Changes in soluble solids content (SSC) of seedless-treated and nontreated ‘Shine Muscat’ berries. The SSCs of seedless-treated (SL) and nontreated (NT) berries are shown in black and grey, respectively. The sampling dates for the seedless-treated and nontreated berries are indicated in the upper and lower rows, respectively. Stages 1–5 are described as S1–S5. Samples at the stage enclosed by squares were used for RNA sequencing analysis. NS, *, and ** indicate non-significant or significant differences of P < 0.05, and P < 0.01, respectively, using two-way analysis of variance (ANOVA). The SSC data per berry are shown as boxplots. The bottom and top of the box indicate the first and third quartiles, respectively; the inside line indicates the median; the whiskers are located at 1.5 [interquartile range (IQR)] above and below the box; any data point further than this distance is considered an outlier and is indicated by a dot.

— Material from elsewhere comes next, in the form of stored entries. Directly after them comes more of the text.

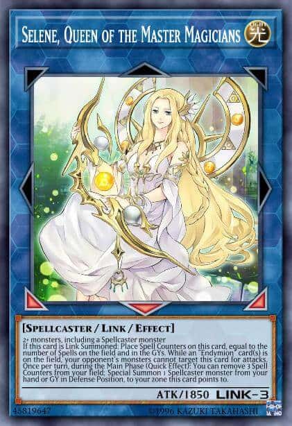 If this card is Link Summoned: Place Spell Counters on this card, equal to the number of Spells on the field and in the GYs. While an “Endymion” card(s) is on the field, your opponent’s monsters cannot target this card for attacks. Once per turn, during the Main Phase (Quick Effect): You can remove 3 Spell Counters from your field; Special Summon 1 Spellcaster monster from your hand or GY in Defense Position, to your zone this card points to.
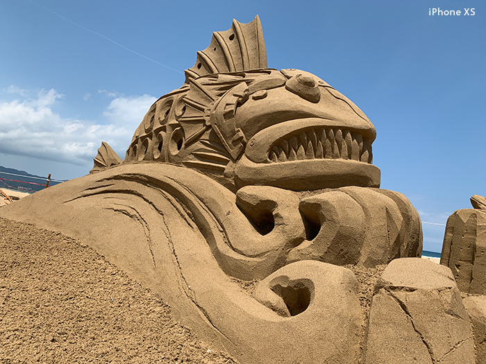 iPhone XS 逆光的表現處理相當的好,除了保留天空的層次外,就連恐龍身體也細節也相當的豐富。
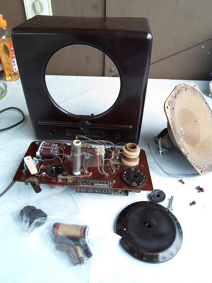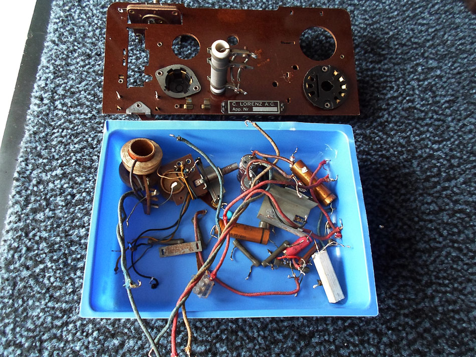 Das Radio war schon "überholt". Und die Arbeit war ziemlich schlampig gemacht. Zum anderem da fehlt noch ein Abstimmdrehkondensator, mit Schalter. Dem suche ich jetzt.
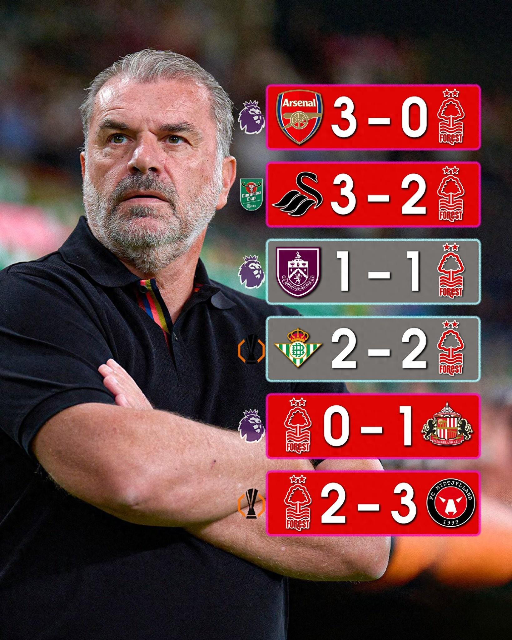 自北京時間9月9日,諾丁漢森林官方宣佈前熱刺主教練波斯特科格魯成爲一線隊新主帥以來,波斯特科格魯已帶隊出戰英超、英聯杯以及歐聯杯各項賽事中的6場比賽,取得2平4負的戰績,至今未嘗一勝。
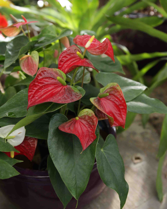 The Anthurium andraeanum, commonly called Flamingo Lily or Painter's Palette, is an epiphytic tropical evergreen that is most noted for its attractive waxy foliage and bright red spathes/flowers.
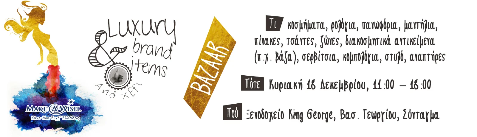 Ένα bazaar επώνυμων ειδών pre-owned θα πραγματοποιηθεί την Κυριακή 18 Δεκεμβρίου, από τις 11:00 έως τις 18:00, στο Ξενοδοχείο King George, για την ενίσχυση του έργου του Make-A-Wish (Κάνε-Μια-Ευχή Ελλάδος).
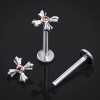 Silberner roter Kreuz-Anhänger mit Juwelen, intern gewindeter Titan-Labret-Stift, 1,2 mm Stärke
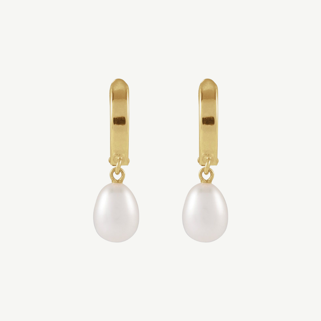 Cultured White Freshwater Pearl Hoop Earrings
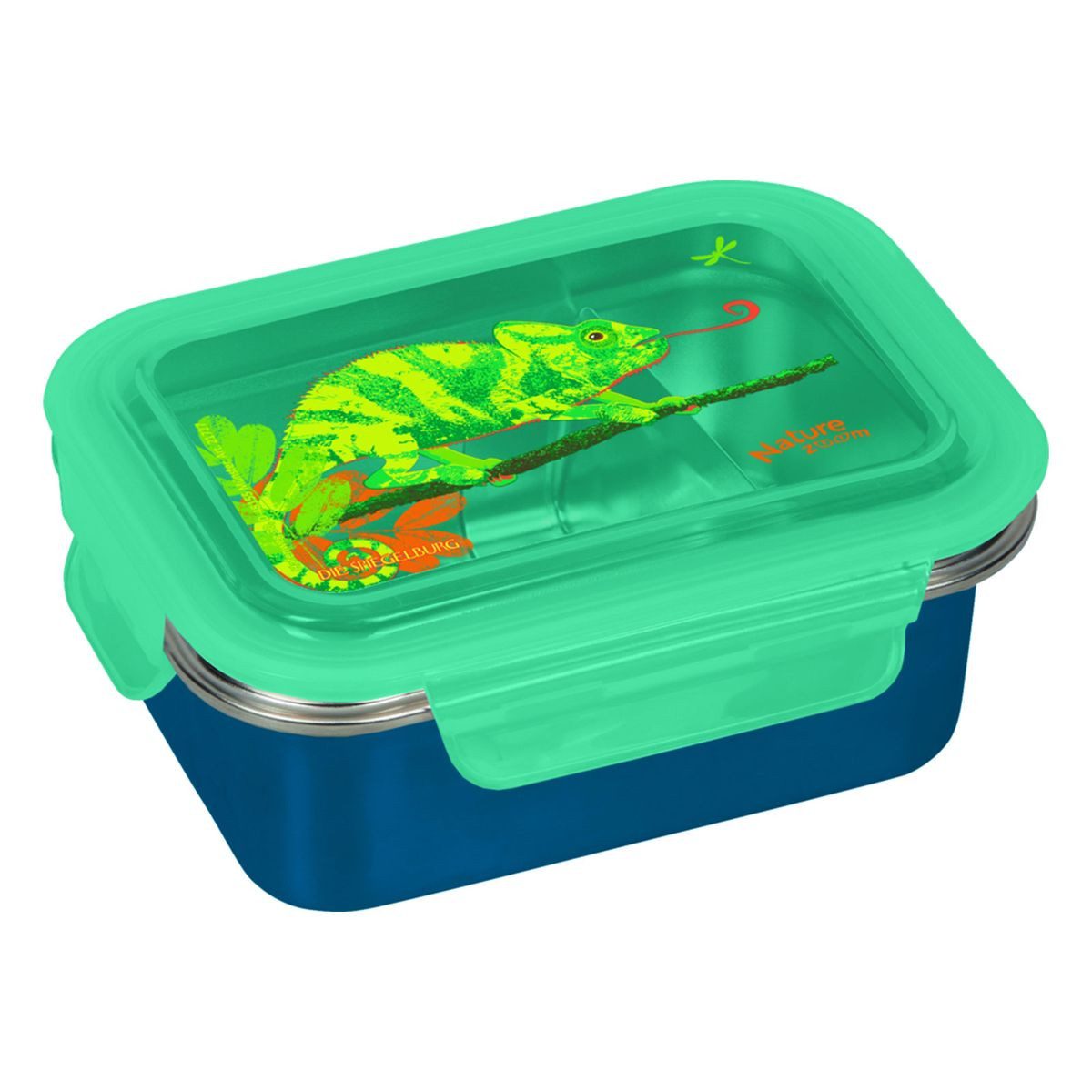 Mit dieser Lunchbox kommen große und kleine Abenteuer*innen voll auf ihre Kosten. Die Dose mit einem Fassungsvermögen von 800 ml ist auslaufsicher und mit einer stufenlos verstellbaren Trennwand im Inneren ausgestattet.
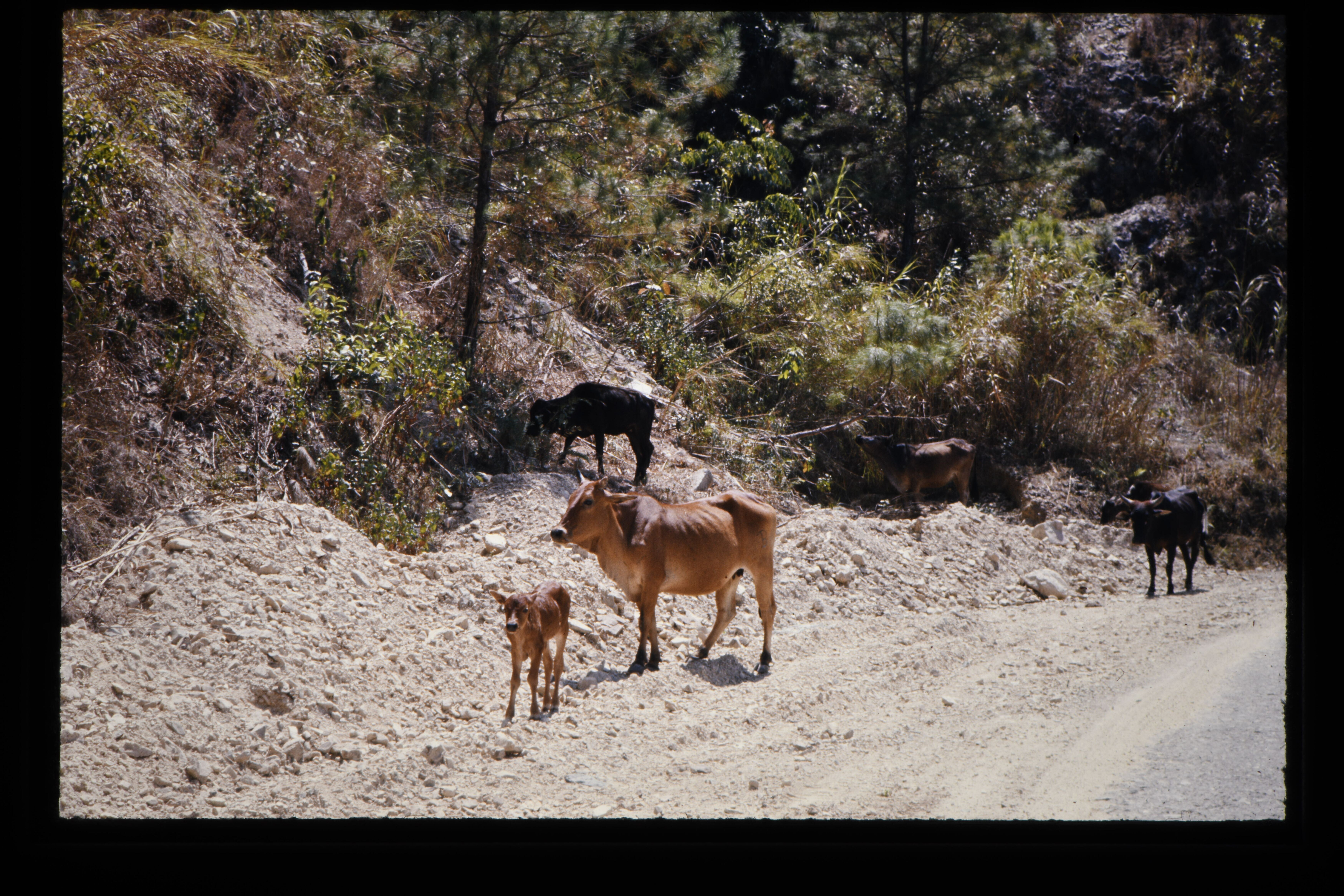'Grazend vee langs de weg van Baguio naar Ambuklas, ...
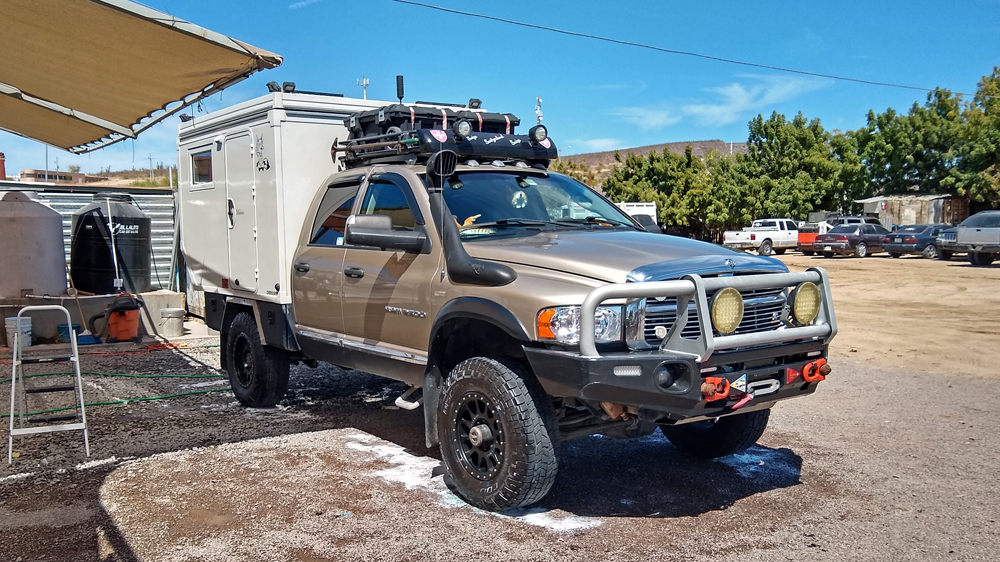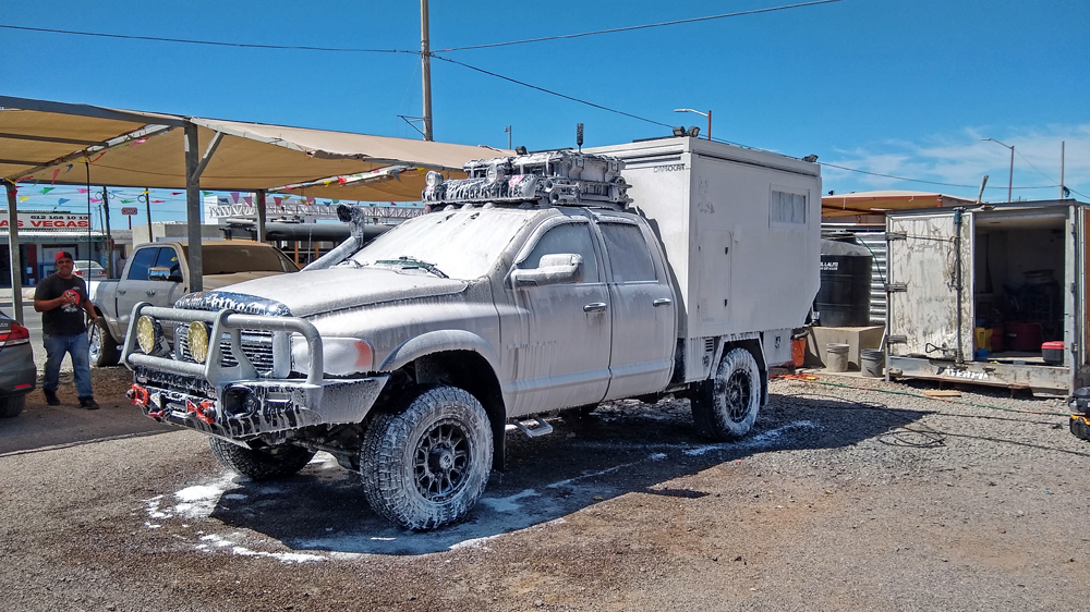Als wir den Playa Jimi Richtung La Paz verlassen, zeigt unser Thermometer im Landesinneren  Temperaturen von bis zu 33 °C! Die hohen Temperaturen sind nicht ganz ideal, um Auto zu waschen, aber nach der langen Zeit am Meer hat unser Diheime dringend eine Kur nötig. In einem Vorort können wir unser Auto in einem «open air car wash» verwöhnen lassen. Für 250 Pesos (umgerechnet rund 13 CHF) wird unser Auto von zwei Mexikanern auf einem Kiesplatz fast eine Stunde lang geschrubbt, abgewaschen, eingeseift, gespühlt und von Hand abgeledert. Sogar die Reifen werden geschwärzt! So geglänzt hat unser Gefährt schon lange nicht mehr!

Volatile compound profiles

We analyzed 202 common peaks detected in the seedless-treated and nontreated ‘Shine Muscat’ grape berries using GC-MS (Table 1). Among these, 149 volatile compounds were identified. Additional information on the identification of volatile compounds is provided in Table S1. ‘Shine Muscat’ grape berries contained terpenoids, furan derivatives, lipoxygenase pathway products, and volatile sulfur compounds, but did not contain methoxypyrazines or phenylpropanoids. A two-way ANOVA was conducted to examine the effect of the seedless treatment and sampling stage on volatile production (peak intensities) in the berries (Table S1). The 78 and 96 volatiles showed significant differences according to the treatment and ripening stage, respectively. Among the 202 volatiles, the number of volatiles with differences due to the treatment and/or ripening stage was 123 (60.9%). The number of compounds that showed no difference according to the treatment and stage was 79 (39.1%).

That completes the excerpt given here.